(TASK INSTRUCTIONS) From the data below, return only the lines from the one with "Collier Pikachu en" through the one with "FN Custom Bolt", exact and inclusive, with pictures left out.

(PROVIDED ENTRIES)
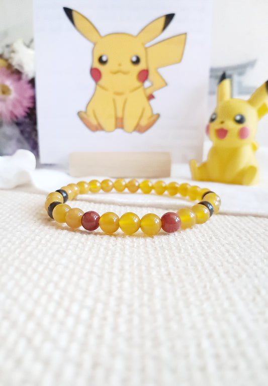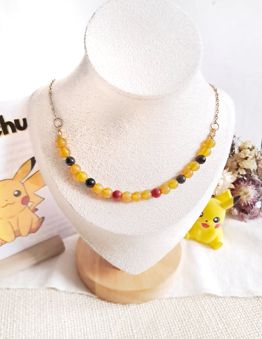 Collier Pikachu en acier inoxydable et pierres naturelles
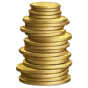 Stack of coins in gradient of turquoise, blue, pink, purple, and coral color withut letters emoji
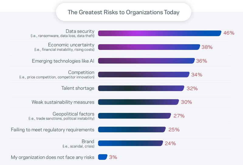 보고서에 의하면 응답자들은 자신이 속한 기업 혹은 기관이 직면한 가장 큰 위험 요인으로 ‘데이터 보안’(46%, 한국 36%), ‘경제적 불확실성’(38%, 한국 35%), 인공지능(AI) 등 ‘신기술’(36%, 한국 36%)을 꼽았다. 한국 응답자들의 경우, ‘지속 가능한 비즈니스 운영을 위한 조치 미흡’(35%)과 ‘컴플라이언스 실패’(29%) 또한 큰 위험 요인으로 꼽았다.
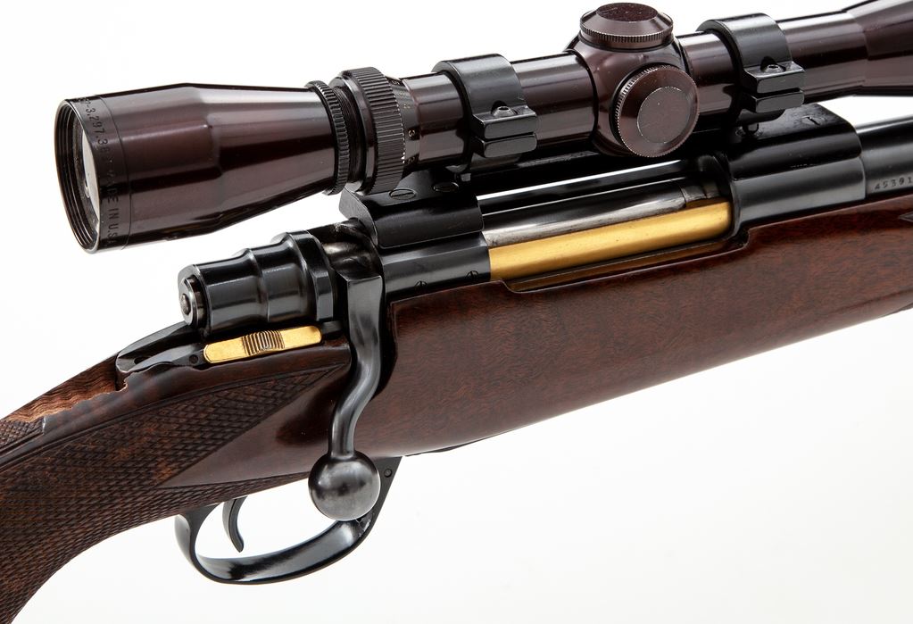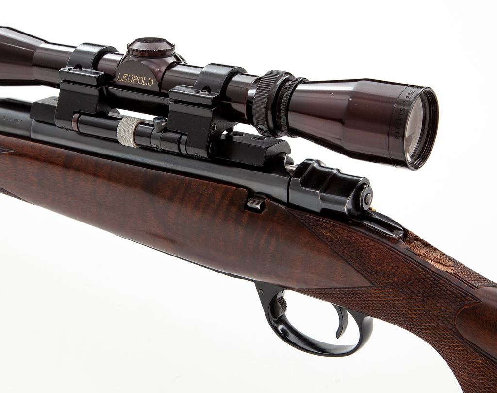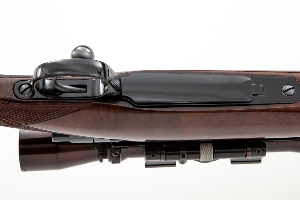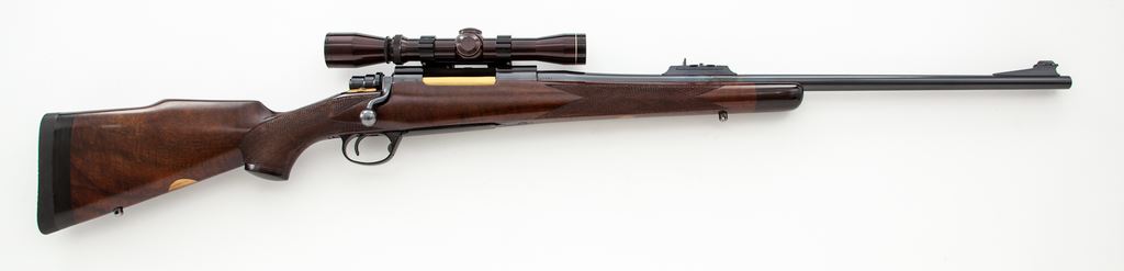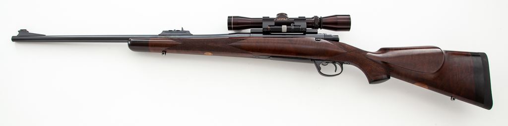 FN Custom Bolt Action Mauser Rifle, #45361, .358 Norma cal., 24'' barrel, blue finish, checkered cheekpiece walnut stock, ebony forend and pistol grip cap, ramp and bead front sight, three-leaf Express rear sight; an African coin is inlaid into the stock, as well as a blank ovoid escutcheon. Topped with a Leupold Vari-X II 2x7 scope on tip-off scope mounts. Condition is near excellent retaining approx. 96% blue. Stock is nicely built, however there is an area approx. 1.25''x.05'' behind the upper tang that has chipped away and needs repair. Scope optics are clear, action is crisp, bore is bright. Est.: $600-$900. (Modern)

==

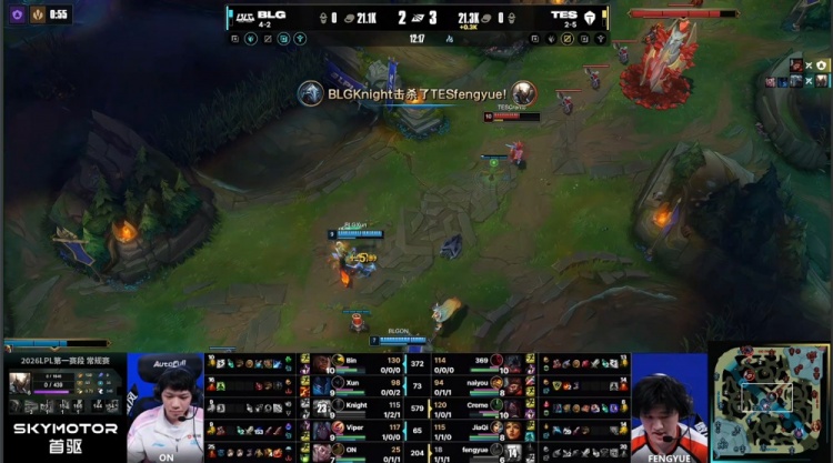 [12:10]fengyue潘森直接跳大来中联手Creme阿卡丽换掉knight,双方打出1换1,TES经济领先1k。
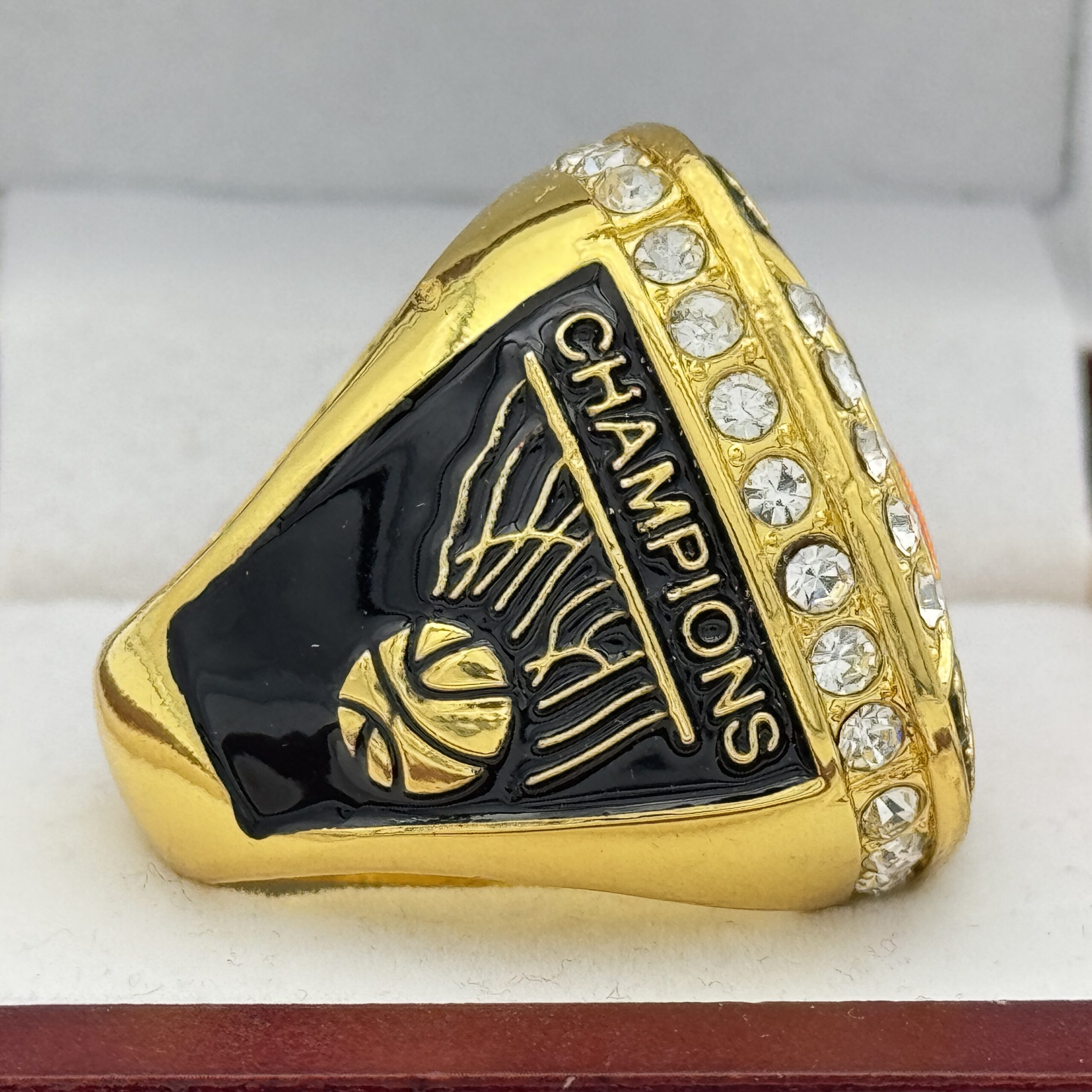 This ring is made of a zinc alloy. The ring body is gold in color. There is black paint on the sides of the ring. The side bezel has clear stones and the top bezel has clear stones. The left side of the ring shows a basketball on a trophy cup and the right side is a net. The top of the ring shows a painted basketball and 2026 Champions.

(WRITTEN ANSWER)
 Collier Pikachu en acier inoxydable et pierres naturelles
 Stack of coins in gradient of turquoise, blue, pink, purple, and coral color withut letters emoji
 보고서에 의하면 응답자들은 자신이 속한 기업 혹은 기관이 직면한 가장 큰 위험 요인으로 ‘데이터 보안’(46%, 한국 36%), ‘경제적 불확실성’(38%, 한국 35%), 인공지능(AI) 등 ‘신기술’(36%, 한국 36%)을 꼽았다. 한국 응답자들의 경우, ‘지속 가능한 비즈니스 운영을 위한 조치 미흡’(35%)과 ‘컴플라이언스 실패’(29%) 또한 큰 위험 요인으로 꼽았다.
 FN Custom Bolt Action Mauser Rifle, #45361, .358 Norma cal., 24'' barrel, blue finish, checkered cheekpiece walnut stock, ebony forend and pistol grip cap, ramp and bead front sight, three-leaf Express rear sight; an African coin is inlaid into the stock, as well as a blank ovoid escutcheon. Topped with a Leupold Vari-X II 2x7 scope on tip-off scope mounts. Condition is near excellent retaining approx. 96% blue. Stock is nicely built, however there is an area approx. 1.25''x.05'' behind the upper tang that has chipped away and needs repair. Scope optics are clear, action is crisp, bore is bright. Est.: $600-$900. (Modern)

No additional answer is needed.